[GIS] Find lower left corner of a rotated polygon

anglesarcpypolygonvertices

I am currently struggling with a mathematical problem and can't seem to get it solved.

I have a bunch of rotated rectangular polygons (solution should also work for non-rectangular polygons) in different shapefiles. I want to (automatically) find the lower left corner of each of the polygons using python (arcpy).

First I tried to simply use the extent, but since they are rotated, the extent will bring false results. So how do I approach this? I googled for hours and the only thing I could come up with, is to somehow calculate the center of the polygon or somehow temporairly rotate it to 180 degrees and then use xmin and ymin. Here are a few pictures which may help to distract the attention from my bad english (sorry for that btw)

enter image description here enter image description here

I had no problems exporting the coordinates of the polygons by using the feature vertices to points tool. So far I extracted them once in a list of tupels and once in two different lists (one for x-coords and one for y-coords)

so here are a few coordinates to make it easier to test:

tupel-format:

tupelList=[[1792398.680577231, 4782539.85121522],
 [1792173.0363913027, 4780368.293228334],
 [1788935.7990357098, 4780713.732859781],
 [1789162.9530321995, 4782885.332685629],
 [1792398.680577231, 4782539.85121522]]

x-list/y-list format:

xList= [1792398.680577231, 1792173.0363913027, 1788935.7990357098, 1789162.9530321995, 1792398.680577231]

yList=[4782539.85121522, 4780368.293228334, 4780713.732859781, 4782885.332685629, 4782539.85121522]

I am currently using ArcGIS 10.3.1 width ally extensions and an advanced license. Version of Python is 2.7.something

Best Answer

Here's a very simple approach that offloads all the processing into the Sort GP tool. Since you have access to an Advanced license, sorting by shape and starting at the lower left corner gives quick results.

import os, arcpy

arcpy.env.overwriteOutput = True

inFC = r'<path>'
outFC = r'<path>'

# create output FC to hold points and field to link OID
spatref = arcpy.Describe(inFC).spatialReference
arcpy.CreateFeatureclass_management(*os.path.split(outFC), geometry_type="POINT",
                                    spatial_reference=spatref)
arcpy.AddField_management(outFC, "ID", "LONG")
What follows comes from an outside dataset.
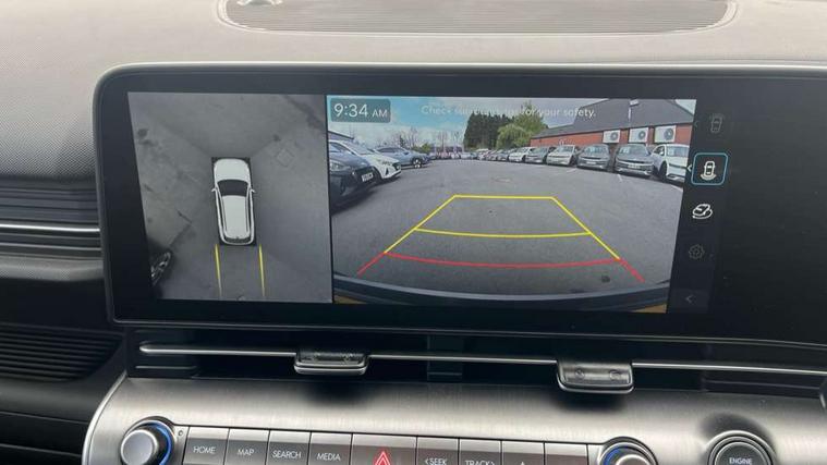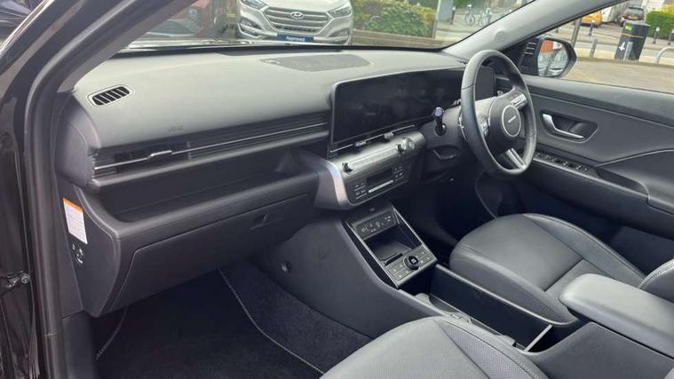 12.25" digital instrument cluster, 12.3" touchscreen centre console display satellite navigation with bluelink, live services and mapcare, Blind spot collision avoidance assist, Blind spot view monitor, Bluetooth connectivity with voice recognition, Driver status monitor (DSM), Driver supervision instrument cluster with 12.3" LCD display, eCall emergency call system, Feature on demand - Enabled, Forward collision avoidance assist (FCA 1.5) - Car, pededstrian, cycle and junction turning, Front parking sensor, HDA - Highway Drive Assist Level 1.5, Height adjustable power tailgate, Intelligent speed limit assist, Lane follow assist, Lane keep assist, Leading vehicle departure alert (LVDA), Parking Collision Avoidance Assist-Reverse (PCA-R), Parking distance warning - side, Parking system with rear camera and guidance system, PAS, Rear cross traffic collision avoidance (RCCA), Rear parking sensor, Rear view camera with dynamic guidelines, Roadside assistance, Safe exit warning (SEW), Smart cruise control with stop and go functionality, Surround view monitor, Wireless phone charging pad, Wireless Smartphone Integration includes Apple CarPlay and Android auto, 2 front USB C and 2 rear USB C charging points, Bose Premium Audio system with 7 premium speakers + subwoofer, DAB Digital radio, Steering wheel audio, phone and cruise controls, Auto dimming rear view mirror, Automatic headlights with dusk sensor, Automatic windscreen wipers with rain sensor, Black painted wheel arch inserts, Body colour exterior door handles, Body coloured door mirrors, Door mirror LED indicator lights, Electric front windows with anti-trap mechanism and one touch control, Electric rear windows, Electric sunroof, Electrically adjustable and heated door mirrors, Horizon centre LED DRL, LED projector headlights, LED taillights, LED upper and lower rear lights, Power folding door mirrors, Privacy glass - Rear windows and tailgate, Rain sensor, Rear roof spoiler with integrated LED brake light, Rear side wing doors, Rear skid plate - silver, Rear wiper, Roof rails, Solar glass with front door glass and windscreen, Tinted glass in front and rear doors, Windscreen auto defog function, 12V power outlet in front console, 2 zone climate control, 3 seat bench in 2nd row, 40/20/40 split folding rear seat, Adjustable head restraints, Ambient lighting, Driver and passenger front seat pockets, Driver's seat electric adjustments, Driver's seat lumbar support, Driver/passenger sunvisors and illuminated vanity mirrors, Floor mats, Front passenger's seat electric adjustments, Heated front seats, Heated rear seats, Heated steering wheel, Height/reach adjustable steering column, Leather steering wheel, Leather upholstery, LED centre interior light, LED front interior light, Luggage compartment LED lighting, Luggage net, Luggage shelf, Metal paint effect interior door handles, Rear centre armrest with cupholders, Shift by wire SBW, Single front passenger seat, Ventilated front seats, Vertical adjustment rear head restraints, Trailer wiring package - Kona, Airbag - front, front side, curtain and centre front airbag, Anti-lock brake system (ABS), Childproof rear door locks, Downhill brake control, Electric parking brake, Electronic stability control, Fixed 3 point for second row centre passenger seatbelt, Hill start assist control (HAC), Rear seat alert, Tyre pressure monitoring system, Alarm/immobiliser, Rear occupant alert, Remote central locking, Smart key with keyless entry and start/stop button, Five year annual vehicle health checks, 18" Alloy wheels, Temporary mobility kit (TMK),

with arcpy.da.SearchCursor(inFC, ["OID@", "SHAPE@"]) as sCursor:
    with arcpy.da.InsertCursor(outFC, ["ID", "SHAPE@"]) as iCursor:
        for oid, poly in sCursor:

            # using Geometry objects is very quick and also has the added
            # benefit of returning lists of geometries
            # Since we are sorting the vertices by LL, the first one is the answer
            verts = arcpy.FeatureVerticesToPoints_management(poly, arcpy.Geometry())
            sort = arcpy.Sort_management(verts, arcpy.Geometry(),
                                         [["SHAPE", "ASCENDING"]], "LL")[0]
            iCursor.insertRow([oid, sort])

enter image description here

From the explanation on spatial sorting, we see that N/S takes precedence over E/W:

Note that U gets priority over R. R is taken into considerations only when some features are at the same horizontal level.